In short: intensity. As stated above, there’s nothing revolutionary about their way of playing. It’s the fact that they play at 110% for the full 90 minutes that sets them apart. And that’s not to say simply that they have staying power — although they do — it really is that they’re as fresh and focused in the 90th minute as they were in the 1st. More than one opposition player has talked about being blown away by Liverpool’s unmatched physical and mental capacity, and if Chelsea go into this game ready to make the kinds of braindead defensive errors that have characterised the Blues without the ball this season, they’ll lose and lose miserably.
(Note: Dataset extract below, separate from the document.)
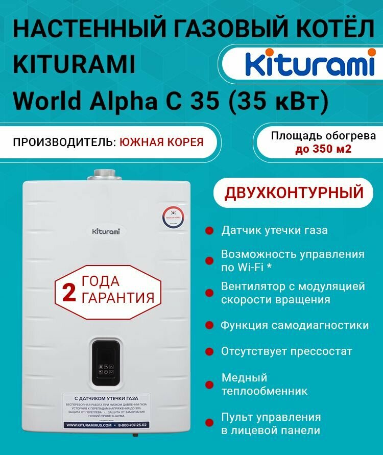 Двухконтурный котел с датчиком утечки газа, двухуровневым теплообменником из меди и алюминия, встроенной панелью управления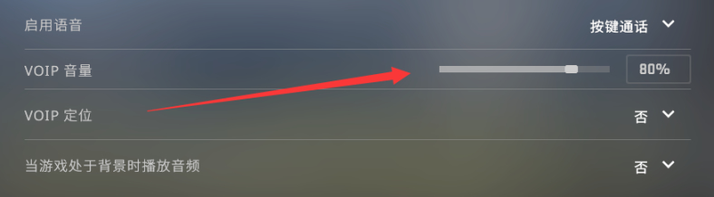 接着是VOIP音量选项,这个选项是用来单独调整队友语音的音量大小,避免队友声音太大听不清脚步等游戏声音。

They’d still be an amazing team even if they played at 95 per cent. Mo Salah may have flopped at Stamford Bridge but he’s now unquestionably one of the world’s best forwards; Sadio Mané keeps getting better and better; Roberto Firmino has really white teeth is earning comparisons with Eric Cantona and Dennis Bergkamp. Anchorman Fabinho may be the most underrated player in the Premier League. Virgil van Dijk is obviously its best centre-back, and very probably the best anywhere right now.

While it’s a bit early in the season to be wheeling statistics out — the sample sizes are simply too small to be worth anything — rest assured that the Reds already rank highly in just about every metric that could be used here to express the scale of their domination over their opponents so far this season.


The world-class Alisson is out injured and his replacement Adrián is merely very good.

They haven’t won the league since 1990.

Steven Gerrard fell over that one time.

That’s all I’ve got.

Expected XIs

After difficult, somewhat traumatic European defeats during the week, it could be that both Klopp and Frank Lampard decide to make sweeping changes to their starting line-ups. In a game of such importance, however, we should expect more conservative, cautious — read “familiar” — starting elevens on both sides.

Frank Lampard would love to have N’Golo Kanté back and Mason Mount available, but this could come too soon for them. Antonio Rüdiger will surely play after missing the Valencia game. (Ed.note: Rüdiger has unfortunately failed to recover in time.)


Neither defence has been at its best so far and both attacks have been on fire. Neither team will be too fussed by a loss, but neither team will be too disappointed with a draw either. This has all the makings of a high-class but ultimately underwhelming early season 0-0.